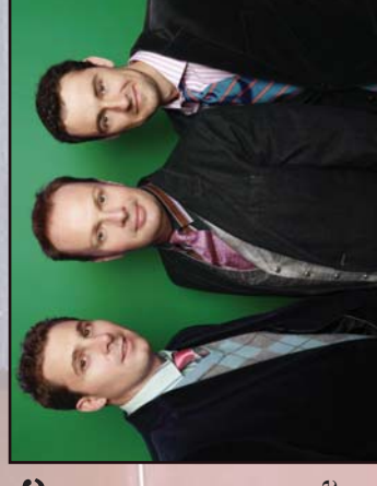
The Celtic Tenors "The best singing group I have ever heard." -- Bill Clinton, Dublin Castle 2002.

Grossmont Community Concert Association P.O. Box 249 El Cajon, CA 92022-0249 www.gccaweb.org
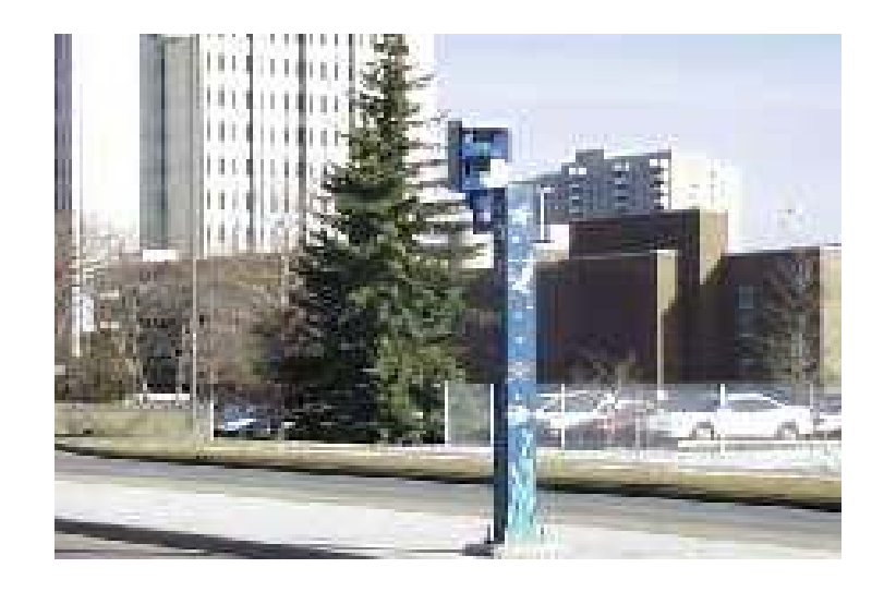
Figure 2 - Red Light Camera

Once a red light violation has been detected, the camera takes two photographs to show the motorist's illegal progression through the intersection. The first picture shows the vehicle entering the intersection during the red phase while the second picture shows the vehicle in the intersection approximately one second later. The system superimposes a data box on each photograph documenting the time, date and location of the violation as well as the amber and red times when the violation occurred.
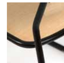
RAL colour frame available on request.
------------------------------------------------
* _TASK OBJECTIVE_
All of the material above should be copied exactly, minus the pictures.

* _ANSWER SECTION_
The Celtic Tenors "The best singing group I have ever heard." -- Bill Clinton, Dublin Castle 2002.

Grossmont Community Concert Association P.O. Box 249 El Cajon, CA 92022-0249 www.gccaweb.org
Figure 2 - Red Light Camera

Once a red light violation has been detected, the camera takes two photographs to show the motorist's illegal progression through the intersection. The first picture shows the vehicle entering the intersection during the red phase while the second picture shows the vehicle in the intersection approximately one second later. The system superimposes a data box on each photograph documenting the time, date and location of the violation as well as the amber and red times when the violation occurred.
RAL colour frame available on request.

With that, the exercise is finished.